2100 - Uma odisseia na cidade
Por José Alexandre Cury Sacomano
Era mais um dia de trabalho para Stanley Hall que caminhava sob a
garoa fina de São Paulo em direção à redação do maior jornal da cidade onde
trabalha- o “Metrópole S.P.”. Hall é “repórter fotográfico” desse jornal que
resiste ao tempo e, em pleno século 22, apresenta uma tiragem diária de mais
de 300 mil exemplares impressos por dia. Claro, o “papel” é uma mistura de
plásticos tratados, resinas e papel celulose, tudo reciclado. Não é mais feito de
celulose pura e a qualidade mesmo assim é muito boa... (a prova d’agua, não
amarelava, não rasgava, nem amassava e era biodegradável).
Como todo bom repórter fotográfico, Hall caminhava com seu olhar
atento observando sempre os detalhes das ruas, das pessoas, do trânsito e da
cidade de modo geral. Já eram 09h30 da manhã, e sob aquela garoa fina Hall
chegava ao jornal. Mas os repórteres fotográficos de hoje não andam mais
pela cidade com seus coletes típicos, cheios de bolsos e suas malas pretas
com o equipamento fotográfico. Acabou a figura do fotógrafo com a máquina
na mão. Hall faz diariamente a cobertura dos fatos que acontecem na cidade,
produz fotos de vários locais da cidade, mas nunca mais segurou uma máquina fotográfica.
Os fotógrafos de hoje, trabalham sem a máquina na mão e sem a necessidade de circular pela cidade.
A partir de 2070 surge uma nova tendência mundial de cobertura
fotográfica para os poucos jornais impressos que ainda restavam. O sistema
de câmeras do New York Times foi fundado em 2074 na Copa do Mundo dos
Estados Unidos, onde o jornal fez a cobertura de todo o campeonato, dentro da
própria redação.
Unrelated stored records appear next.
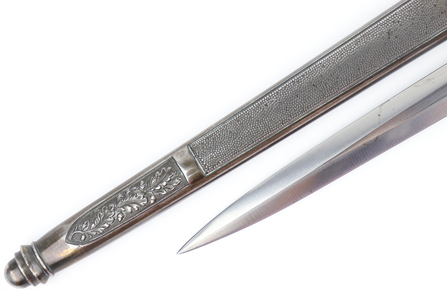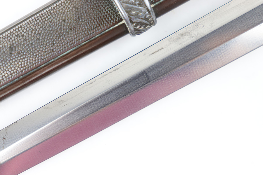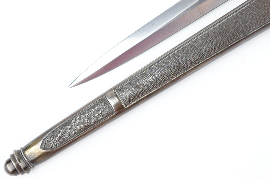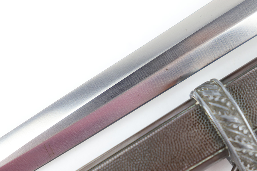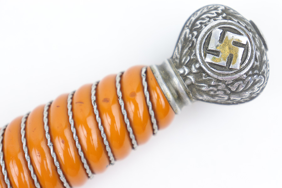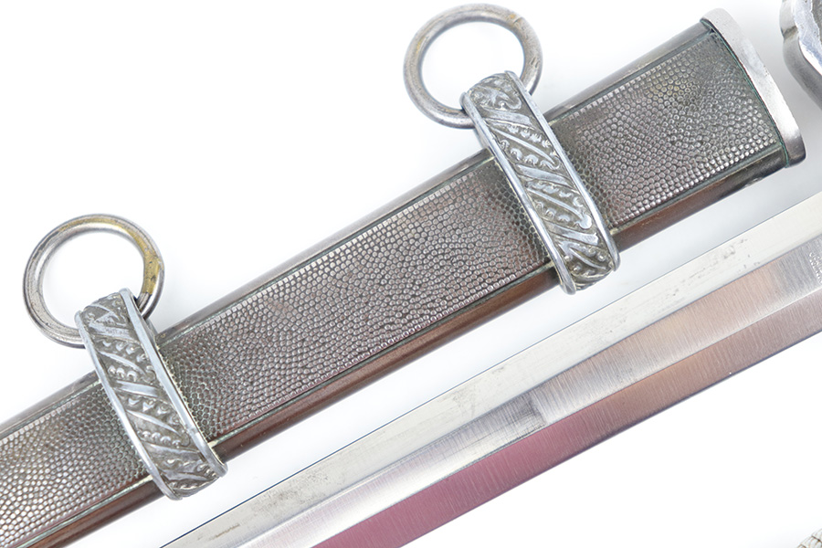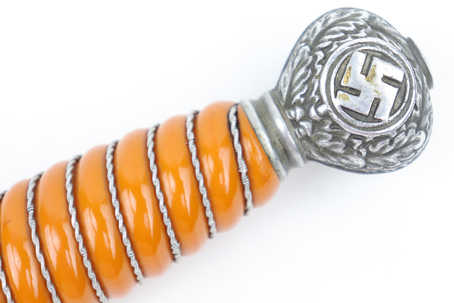 7/13/23 – This is an excellent example of a 2nd model Luftwaffe Officer’s Dagger from WW2. The dagger comes with an original silver portepee and a receipt from Thomas Wittmann (dagger expert) dated 2020. The dagger features an excellent, clean blade with cross graining visible throughout. There are some mild surface scratches from scabbard rub, and some very light freckling of surface oxidation / discoloration. Maker marked by Eickhorn on one side. The hand guard and pommel have normal surface patina throughout and high edge wear. The burnt orange bakelite handle has a tightly wrapped chord and has no cracks or chips. The portepee has some mild fraying along the chord, and some mild looseness on the knot, but overall in good condition. The scabbard is in great shape with no dents or major issues.
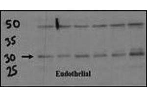 Titration of the DSCR1 antibody may be required due to differences in protocols and secondary/substrate sensitivity.\. Western blot: 1:1000
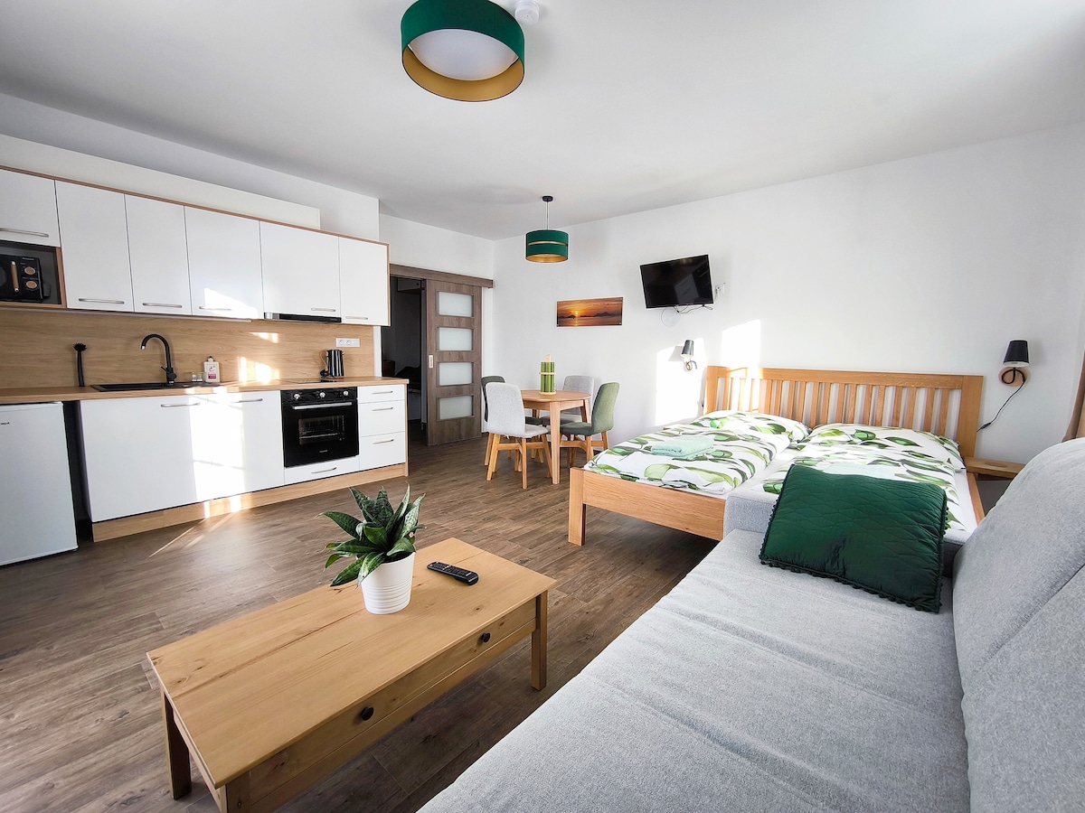 チェカノフ池の近くにある2〜4名用のアパートメント。アパートメントには、140cmのダブルベッド1台と、最大4人まで収容可能な折りたたみ式の布団があります。ただし、スタジオは小さいため、大人4人ではあまり快適ではないことにご注意ください。 ベッドリネン、タオル、シャワージェルなど、必要なものはすべて揃っています。コーヒー、紅茶、調理の基本的なものもあります。Wi-Fi、テレビ、洗濯機、冷蔵庫、冷凍庫、電気ケトル。アパートメントには、使用水(飲んだり吸ったりするためのもの)と十分な量のボトル入り飲料水があります。
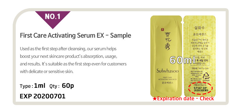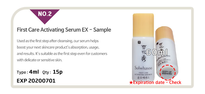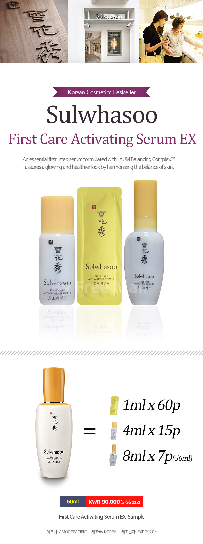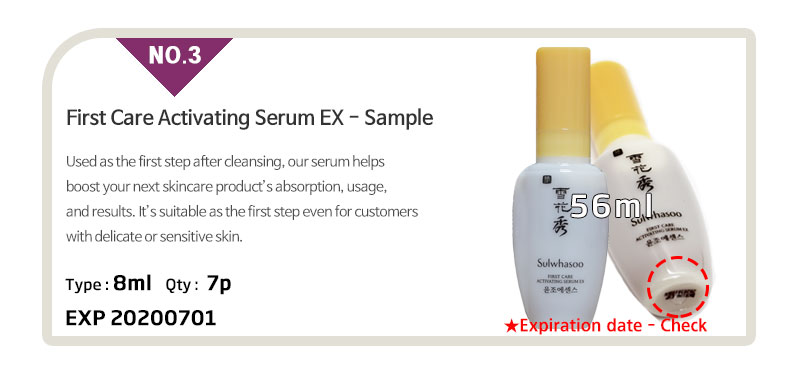 Pump 2~3 First care activating serum onto your palm and spread evenly across your face.
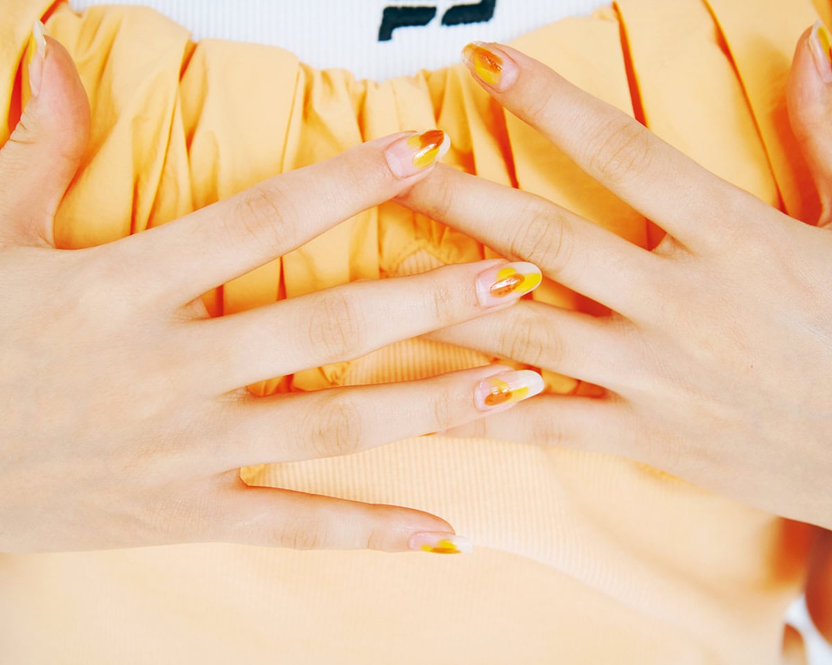 クリアベースに、イエロー寄りのオレンジと、渋めのオレンジのネイルをラフに塗って。てきとーなバランスが可愛い!
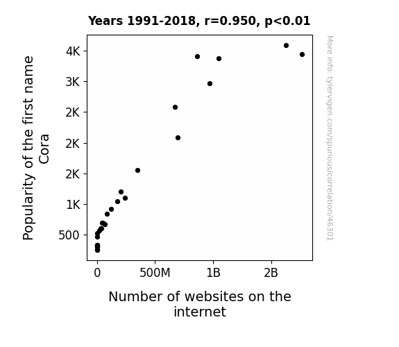 This means 90.2% of the change in the one variable (i.e., Number of websites on the internet) is predictable based on the change in the other (i.e., Popularity of the first name Cora) over the 28 years from 1991 through 2018.
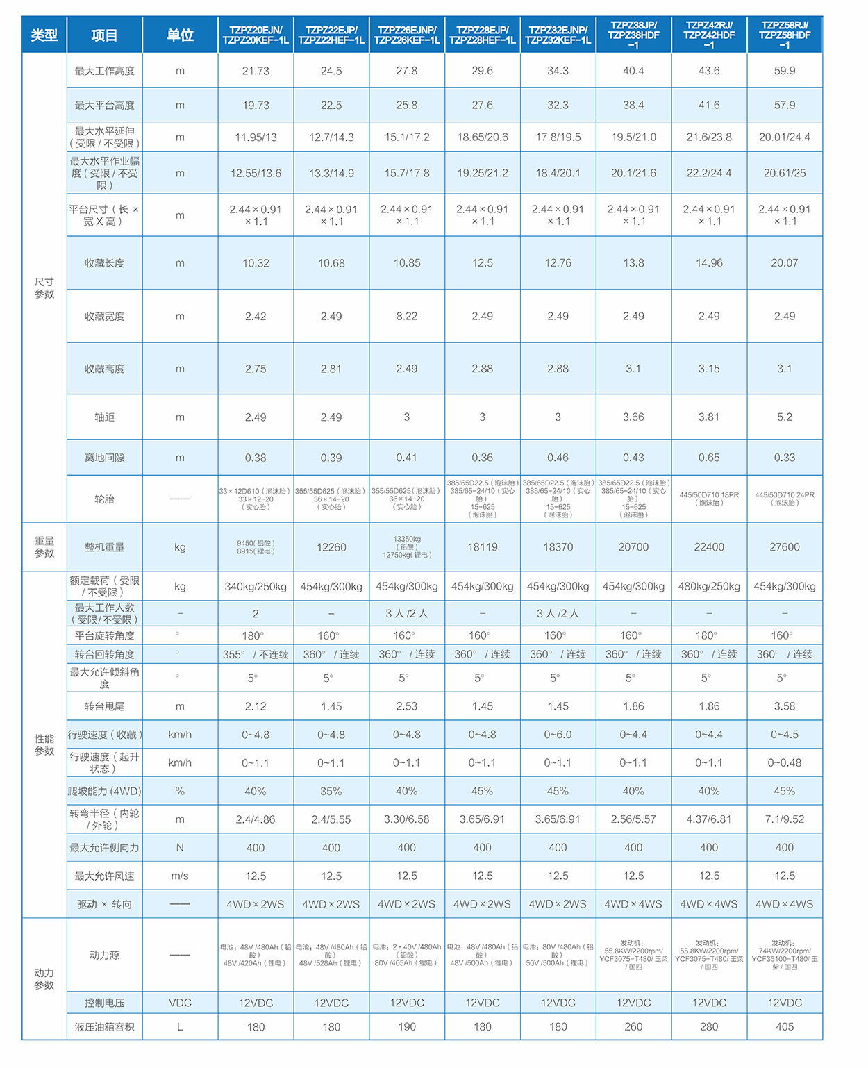• 最大工作高度:14m~58m

Todos os estádios tinham câmeras que iam muito além do
campo, da torcida e das salas de entrevistas. A partir daí, vários jornais do
mundo, principalmente os das grandes cidades, começaram a utilizar um
sistema de câmeras distribuídas pela cidade, utilizando cada vez menos as
máquinas digitais, veículos para deslocamento e a figura do próprio repórter
fotográfico que, neste novo contexto, acabava de ser reinventada. Hoje, em
2100, os jornais ainda utilizam câmeras digitais tradicionais para uma cobertura
ou outra, mas a maioria das imagens chega via sistema de câmeras ou através
do jornalismo participativo. O jornal “Metrópole S.P.” possui um sistema para recepção de imagens dos cidadãos e dos leitores, que gerencia as mesmas por
assuntos, qualidade jornalística e técnica, e disponibiliza uma boa quantidade
para possível publicação. Sessões da câmara dos vereadores, jogos de
futebol, manifestações, trânsito, festas, shows, teatro... Em todos os lugares
veem-se câmeras do jornal “Metrópoles S.P.” Os fotógrafos de hoje, trabalham
sem a máquina na mão e sem a necessidade de circular pela cidade.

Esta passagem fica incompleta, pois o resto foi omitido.